The Good Twin(17)
I pulled away. Despite the brisk air, I could feel my face become flushed. I had no idea what to say to him.
“You could take her place,” he went on. “We’ll split her father’s inheritance. He’s worth over two billion. That’s one billion dollars for each of us. Just think what you could do with that money. Your life would completely change.”
He has to be mad, I thought. Completely and utterly crazy. I can’t be involved in this.
“No one knows she has a twin sister,” he continued. “We’d need to wait until her father dies. Then, after the killer makes sure her body can never be found, you step into her place and pretend you’re Charly. First, you’d revoke the prenup. Then, maybe six months later, a year at the most, we would divorce. Split the assets down the middle. You’ll go away then, wherever you want. Anywhere in the world.”

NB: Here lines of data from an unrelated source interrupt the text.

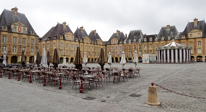 la place d’Armes de Rocroi sous la pluie ! et avec le soleil, quelle impression laisserait-elle ?
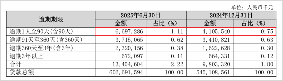 其中,长沙银行1天至90天的逾期贷款增长最快,从2024年底的41.06亿增长到上半年的66.97亿,说明该行短期内的资产质量压力仍在加大。
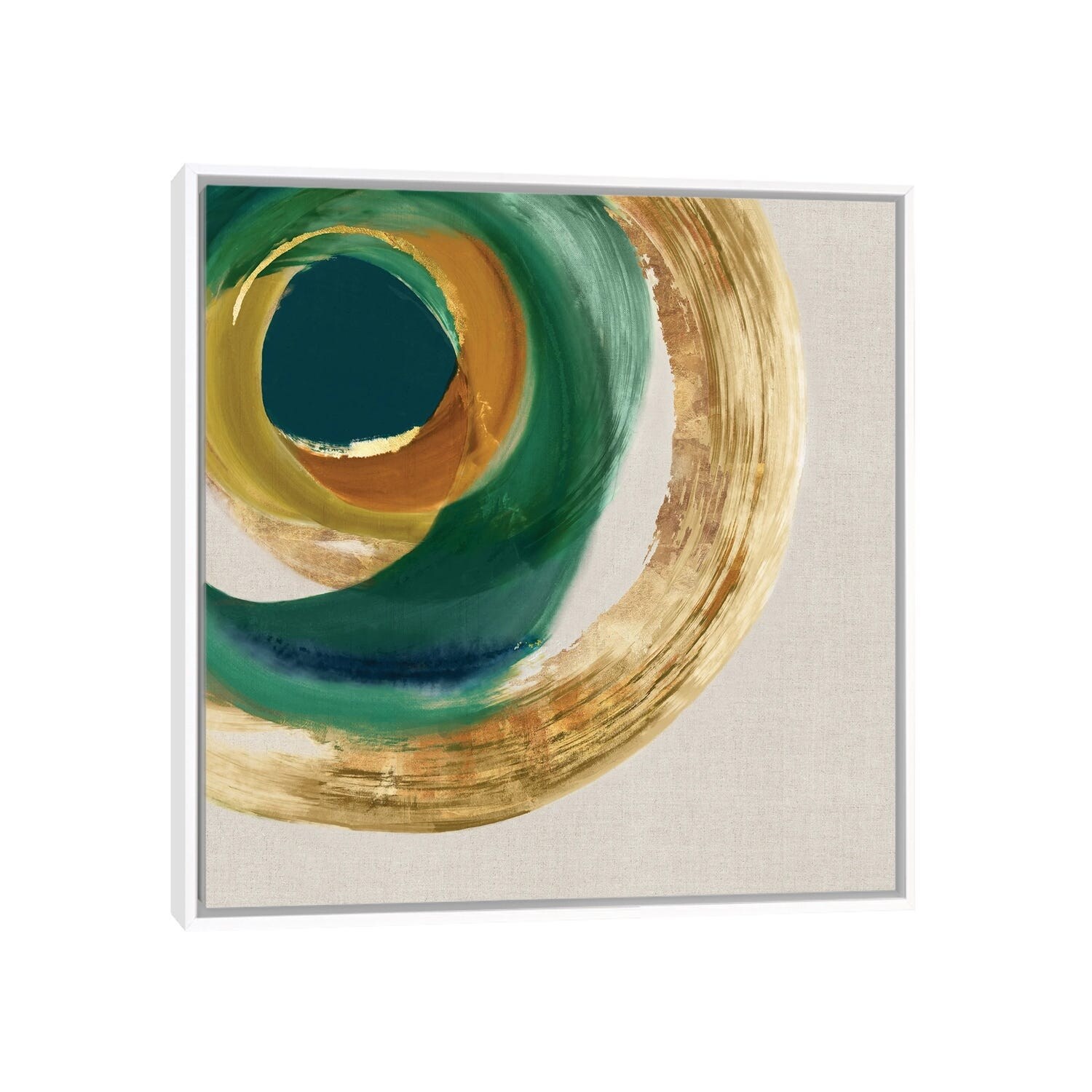 iCanvas "Green Metallic Circle I" by Emma Peal Framed Canvas Print
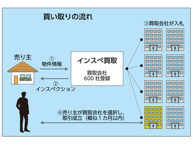 「インスぺ買取」は第2フェーズにあたり、事業者と連携した買い取りの仕組みにより、中古不動産流通を推し進める。売り主と買い主を直接結び付けるため、売り主にとっては、仲介よりも短期間、高値での売却ができ、買い主にとっては、仲介事業者の手数料がかからないため仕入れコストを抑えられるといった利点がある。
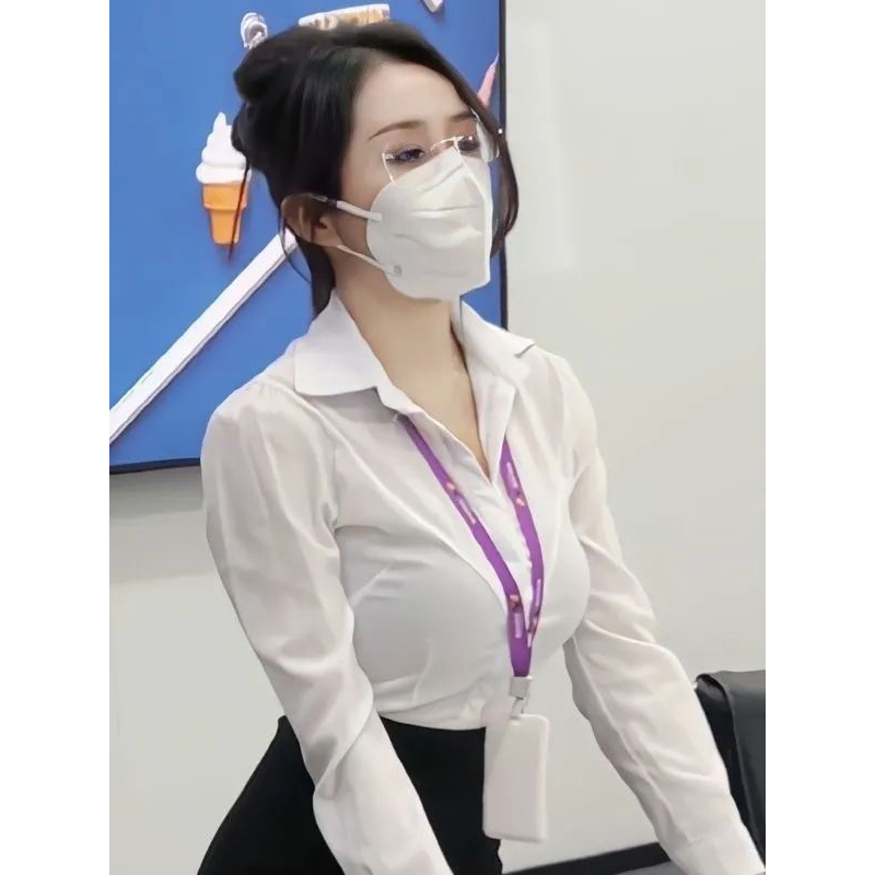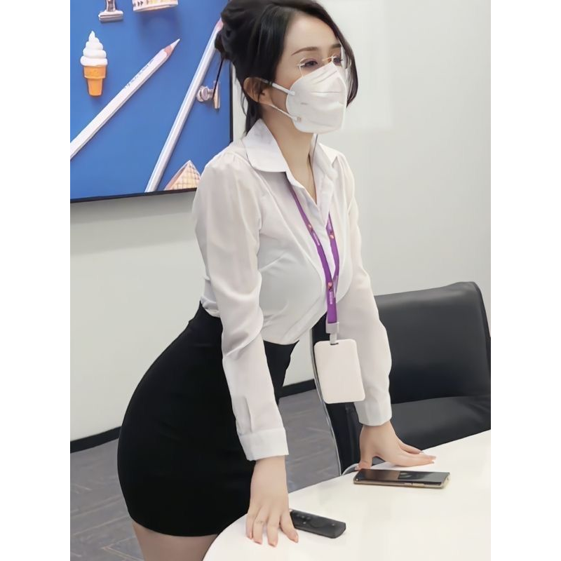 胖MM200斤特大码收腰长袖白衬衫职业工作服套装设计性感修身衬衣
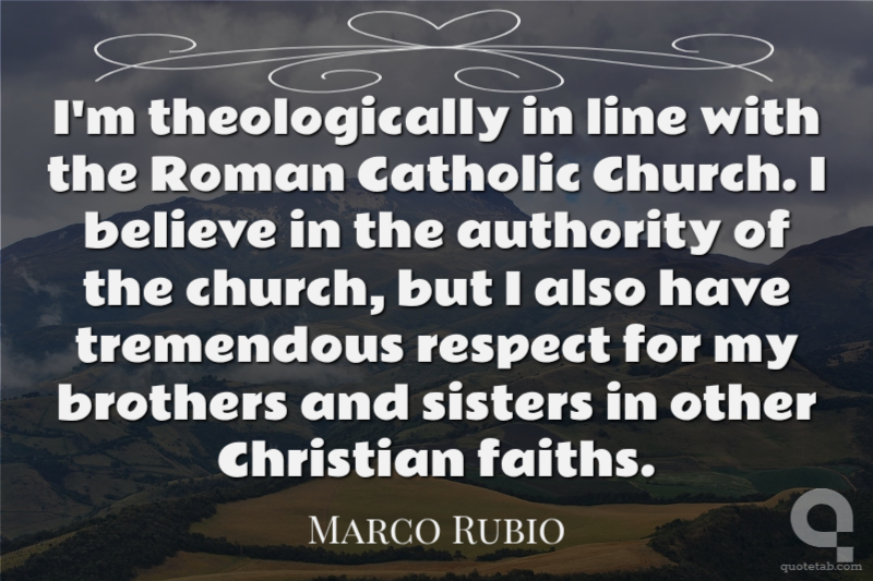 I'm theologically in line with the Roman Catholic Church. I believe in the authority of the church, but I also have tremendous respect for my brothers and sisters in other Christian faiths.
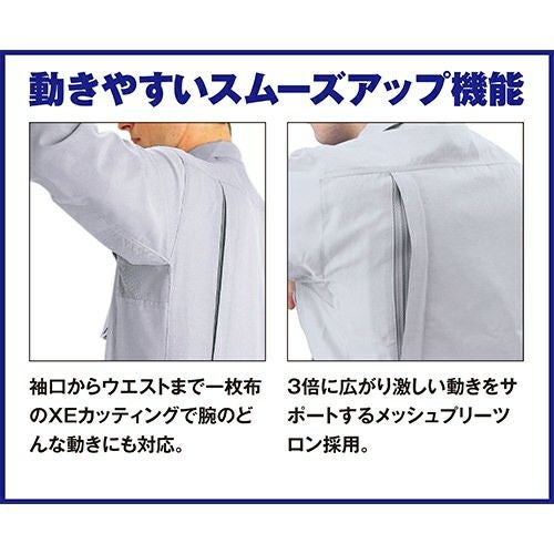 涼感ワークウェア! ガーゼのような風合いの生地「スーパークールグログラン」に「エアストリームシステム」をプラスした清涼作業服。吸汗性・速乾性・通気性とも最高レベルの爽やかな着心地で熱中症対策にも最適の清涼感あふれる作業服です。
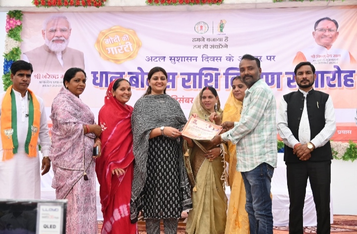 कवर्धा :- मुख्यमंत्री विष्णु देव साय ने अटल बिहारी वाजपेयी की जयंती और सुशासन दिवस के अवसर पर प्रदेश के 12 लाख किसानों के खाते में 3716 करोड़ रुपये दो वर्ष का बकाया धान बोनस ट्रांसफर किया, इसी के साथ भाजपा ने अपने घोषणा पत्र में किये अपने एक प्रमुख वादे को पूरा किया। इसी कड़ी में आज पंडरिया में आयोजित सुशासन दिवस कार्यक्रम में विधायक भावना बोहरा ने भी लाभान्वित किसानों को प्रशस्ति पत्र भेंट किया और उन्हें बधाई दी।
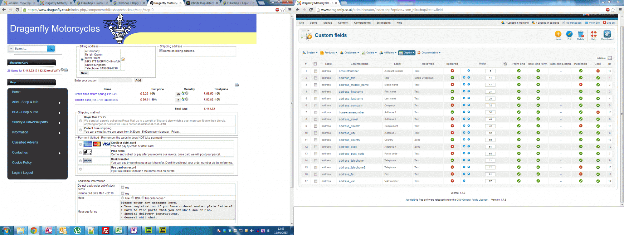 Whereas the shipping address, although incorrect since the test order is shipped to the same as billing address, is more in the format I would expect but also missing a couple of fields. All of the custom fields I have made are all in the address table. But not all of them show up on either the website in the checkout or the on e-mail, comes through. With only some of the information shown.
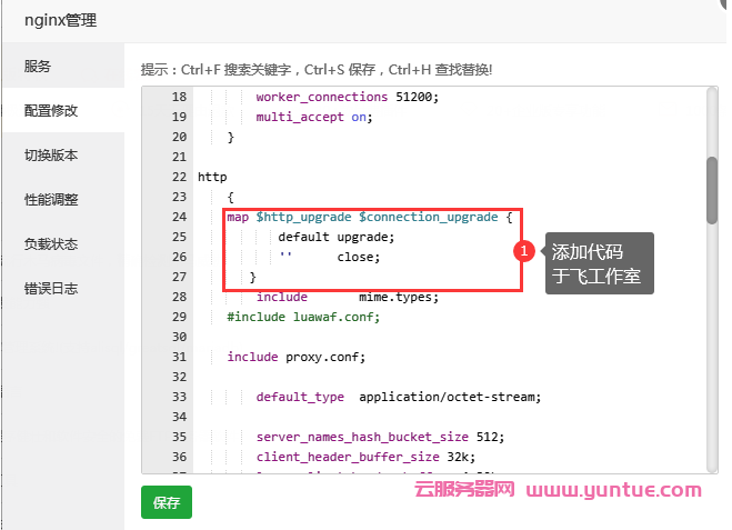 如果 Upgrade 标头设置为 ‘’,此 map 块告诉 nginx 正确设置相关的 Connection 标头来关闭连接。 将 map 块放入 nginx 配置的 http 块中。 nginx 配置的默认文件路径是 /etc/nginx/nginx.conf 。

I could feel a rising panic and was having difficulty breathing. His proposal was terrifying and so very, very wrong.
“Just think about it. A billion dollars.”
I wanted to slap him, spit in his face, tell him how horrid he was. I wanted to run as far away from him as I could. Then, I thought about Charly’s rejection of me. She’d put money before me. Why shouldn’t I do the same? Why should I have to keep waiting on tables just to finance my art education? Why shouldn’t I have renowned artists’ paintings adorn my walls? I stepped closer and asked, “Just how would this work?”
CHAPTER 12
My heart raced the entire walk back to my claustrophobic room, and once I reached it, I locked the door behind me and lay down on the bed. Calm down, calm down. I hadn’t committed to anything, yet I felt as guilty as if I had.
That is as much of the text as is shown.